You will probably want to test this on each node just to confirm that the IPMI configuration is correct for every node.

Next we want to alter the behavior of Pacemaker a bit by configuring a basic property known as resource stickiness. Out of the box, if a passive node becomes active again after having been active previously, Pacemaker will automatically migrate all the resources back to the new active node and set the existing active node to passive. This is not really something we need for our set of resources, so we want to inform Pacemaker to leave resources where they are unless we manually move them ourselves or the active node fails:


crm configure property default-resource-stickiness=1

To set up a resource for a shared IP address, do the following:


crm configure primitive ip ocf:heartbeat:IPaddr2 \
    params ip="172.16.165.12" \
    cidr_netmask="25" \
    op start interval="0" timeout="20" \
    op stop interval="0" timeout="20" \
    op monitor interval="10" timeout="20"

Next we need to setup our iSCSI target (note the escaped quotes to prevent bad shell/CRM interaction):


crm configure primitive tgt ocf:heartbeat:iSCSITarget \
    params iqn="iqn.2012-10.net.bitgnome:vh-storage" \
    tid="1" \
    allowed_initiators=\"172.16.165.18 172.16.165.19 172.16.165.20 172.16.165.21\" \
    op start interval="0" timeout="10" \
    op stop interval="0" timeout="10" \
    op monitor interval="10" timeout="10"

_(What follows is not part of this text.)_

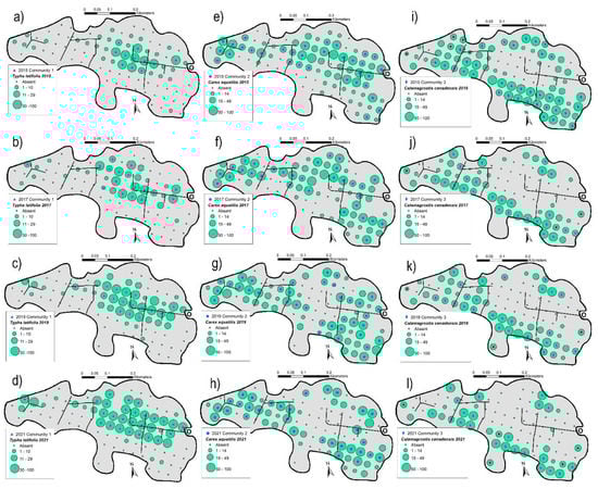 Spatial distribution of three plant communities (1–3) on Sandhill Wetland for (a,e,i) 2015, (b,f,j) 2017, (c,g,k) 2019, and (d,h,l) 2021, with abundance of dominant species in each. Distribution of Plant Community 1 (blue triangles) with abundance (as % cover) of Typha latifolia overlain (a–d). Distribution of plant Community 2 (blue circles) with an abundance of Carex aquatilis overlain (e–h). Distribution of Plant Community 3 (blue diamonds) with an abundance of Calamagrostis canadensis overlain (i–l). Black circles indicate outlier plots (Group 4). O = Outlet of Sandhill Wetland.

Now before defining our iSCSI logical units, let’s check our DRBD configuration. The standard DRBD configuration in /etc/drbd.conf should look like:


include "drbd.d/global_common.conf";
include "drbd.d/*.res";

Configuring the basic options in /etc/drbd.d/global_common.conf should look like:


global {
	usage-count no;
	# minor-count should be larger than the number of active resources
	# depending on your distro, larger values might not work as expected
	minor-count 100;
}

common {
	handlers {
		fence-peer "/usr/lib/drbd/crm-fence-peer.sh";
		after-resync-target "/usr/lib/drbd/crm-unfence-peer.sh";
	}

	startup {
	}

	disk {
		resync-rate 100M;
		on-io-error detach;
		fencing resource-only;
	}

	net {
		protocol C;
		cram-hmac-alg sha1;
		shared-secret "something_secret";
		# the following is not recommend in production because of CPU costs
		#data-integrity-alg sha1;
		verify-alg sha1;
	}
}

And finally, you need a resource file for each resource. Before we get to that file, we need to create the logical volumes on each node which will ultimately hold this new DRBD resource. To do that, we need to issue something like the following:


lvcreate -L 20G -n vm-test vg0

Use the same name (vm-test in this example) on the other node as well (with hopefully the same volume group name to make the next part easier). Now that we have the logical volume created, we can go ahead and create an appropriate resource file for DRBD. Start at r1 and increase the resource number by one to keep things simple and to match our LUN numbering later on, so the file will be /etc/drbd.d/r1.res:


resource r1 {
	disk {
		#resync-after r1;
	}

	# inheritable parameters
	device minor 1;
	meta-disk internal;

	on pepper {
		disk /dev/vg0/vm-test;
		address 172.16.165.10:7789;
	}

	on salt {
		disk /dev/vg0/vm-test;
		address 172.16.165.11:7789;
	}
}

You will need to uncomment the resync-after option and make the parameter refer to the last sequential resource number still in existence. This also means that if you remove a resource later, you will need to update the resource files to reflect any changes made. If you fail to make the changes, affected resources will fail to start and consequently the entire cluster stack will be down. This is a BAD situation. So, make the necessary changes as you remove old resources, and then issue the following on both nodes:


drbdadm adjust r2

or whatever the resource name that has been affected by a dangling reference to an old, recently removed resource.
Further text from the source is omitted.